As we drive the film in a cinematographic way — there is no explicative dialogue — the images can keep a rich polysemic value and offer different levels of reading. That creates a very unique relationship between the film and the spectator. The audience has to take their place in the movie by this open way of seeing the film. It’s a personal experience each time.

But in general, we can say that the audience who knows giallo movies is more focussed on how we have used giallo iconography, while the audience who doesn’t know them is more focused on the subject of the film.

How can people see Amer? Any word on a possible Australian release?
We know that there are negotiations with Australian distributors.

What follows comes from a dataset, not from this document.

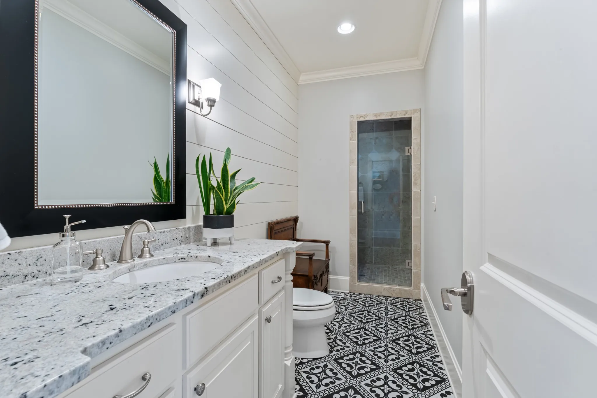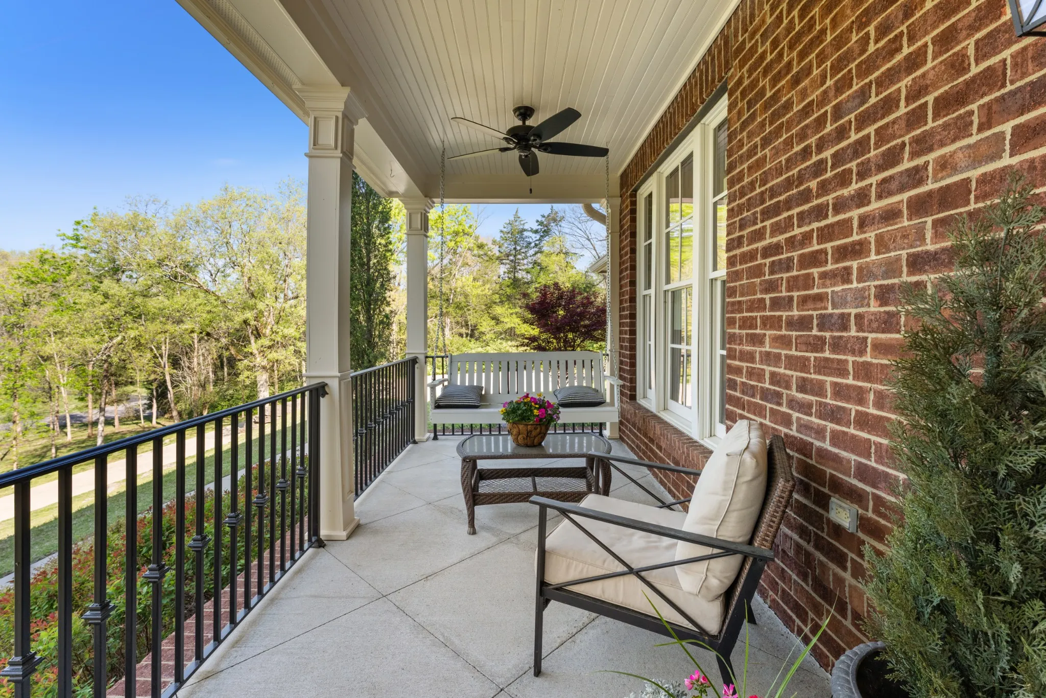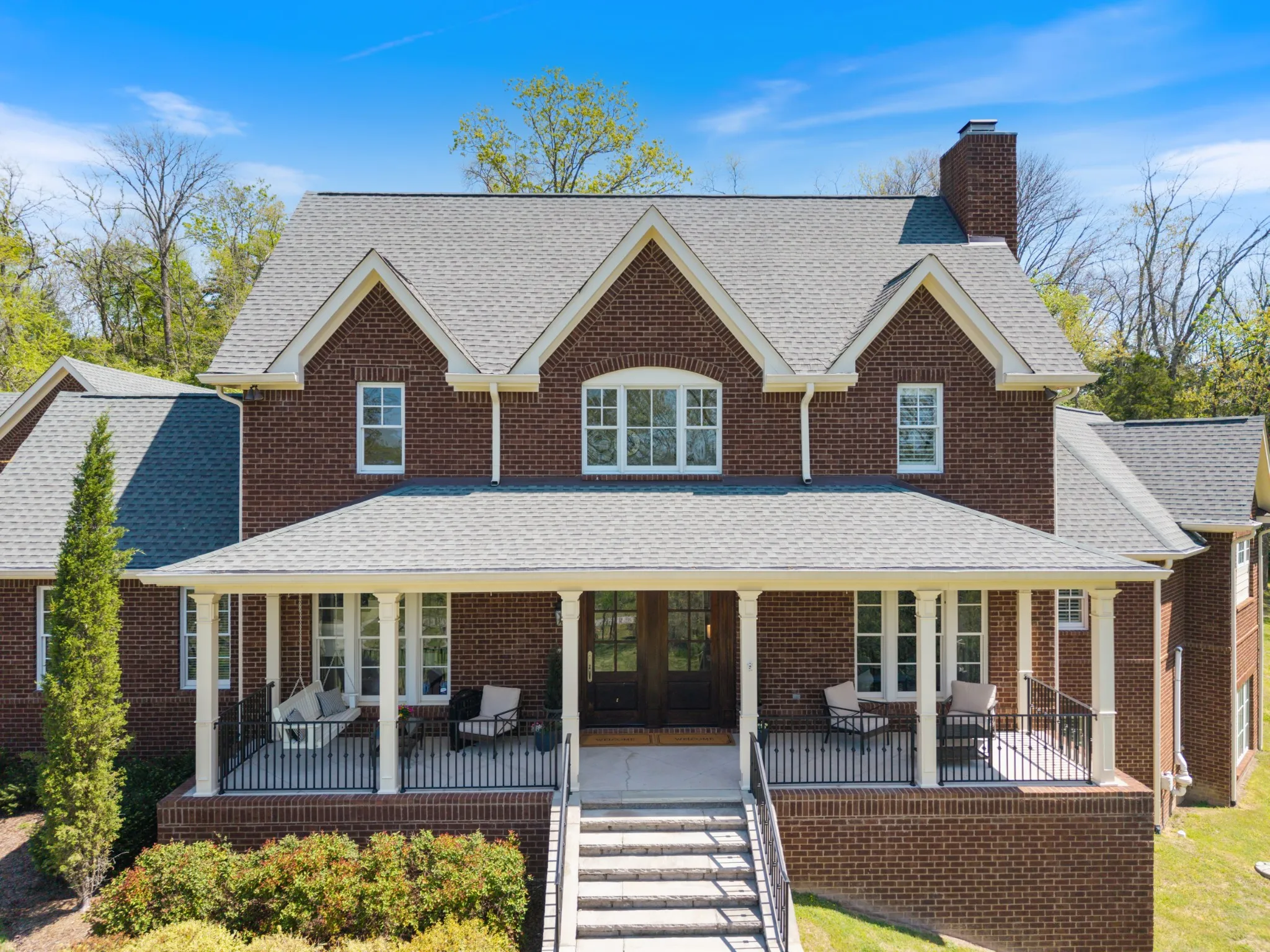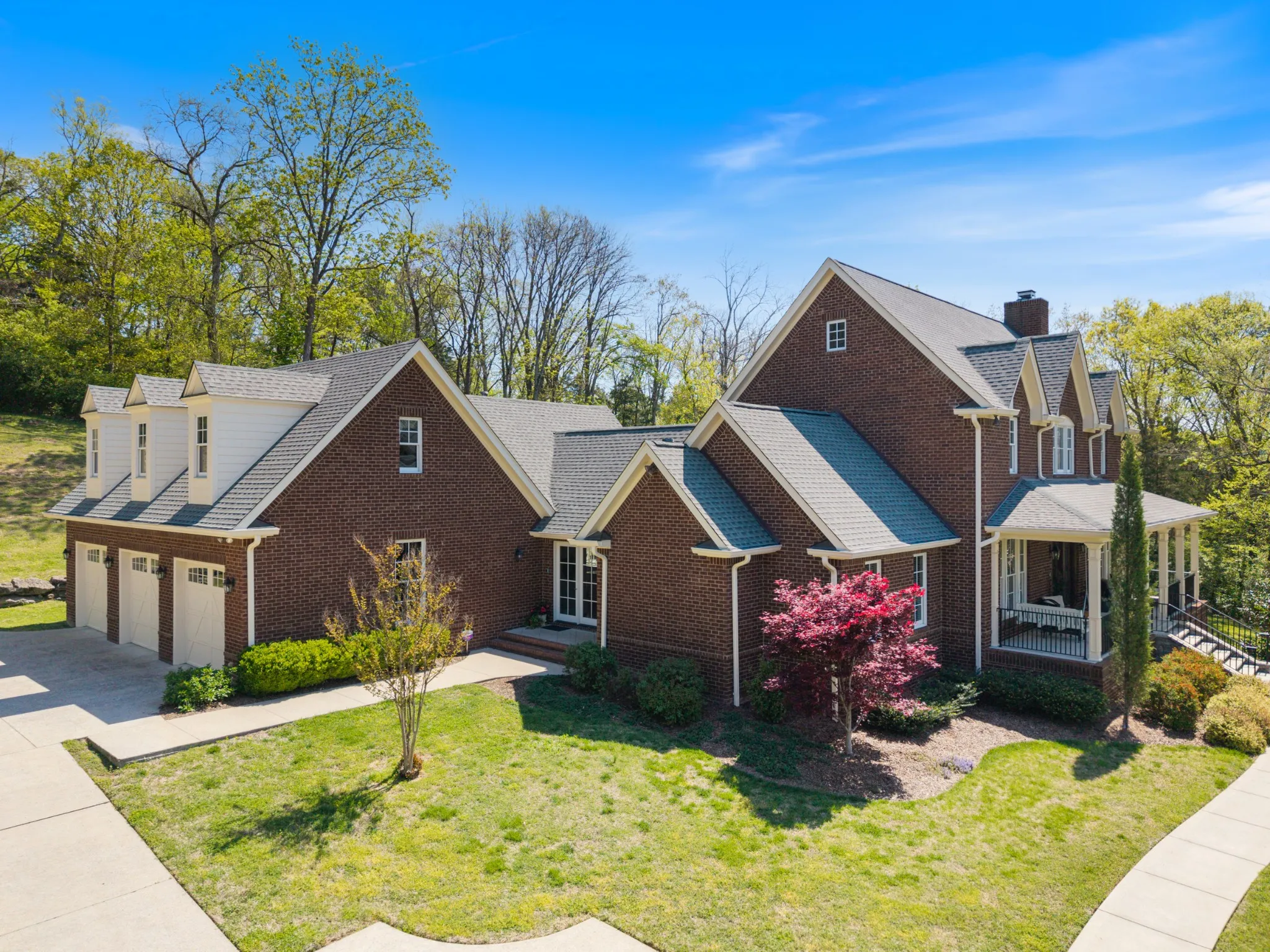 Extraordinary in every detail and unmatched in quality — this 6,027 sq ft southern private retreat sits on nearly four private acres in the coveted corridor between Grassland, Franklin, and Cool Springs. From the sweeping front porch overlooking a beautifully treed yard to the warm, intentional interiors — hardwood floors, brick accents, a fireplace, Florida room, and a showstopping kitchen with wood beams, shiplap, granite counters, and a farmhouse sink — every finish has been considered. Five bedrooms, five full baths, a zoned primary suite, second main floor bedroom/study, ensuite bedrooms upstairs, a bonus/rec room with its own separate staircase over the garage, and a finished basement with a dark media room, wet bar, and guest suite make this layout as flexible as it is impressive. Add 674 square feet of dedicated storage and grounds built for privacy and entertaining, and you have something this market rarely sees. A home this special does not wait. Schedule your private showing today.

But we don’t know more than that for the moment.

Finally, what’s next for you both? Are you done with giallo, or do you intend to experiment further with the genre?
With our next feature, we want to explore the detective aspect of the giallo, but still with our “introspective universe.” And from a male point of view this time!

Learn more about Amer at the film’s official website.

2 Responses

  1. jane.kay

    please can this come to australia – i’ve heard so much about it. great interview!

  2. Thanks Jane. I hope the film makes its way to our shores soon too. I saw it in New York earlier this year as part of the MoMA’s ‘New Directors, New Films’ programme and was very impressed. If you’re a giallo enthusiast, it will prove right up your alley. Might have to settle for an import of that UK DVD for the immediate future, however!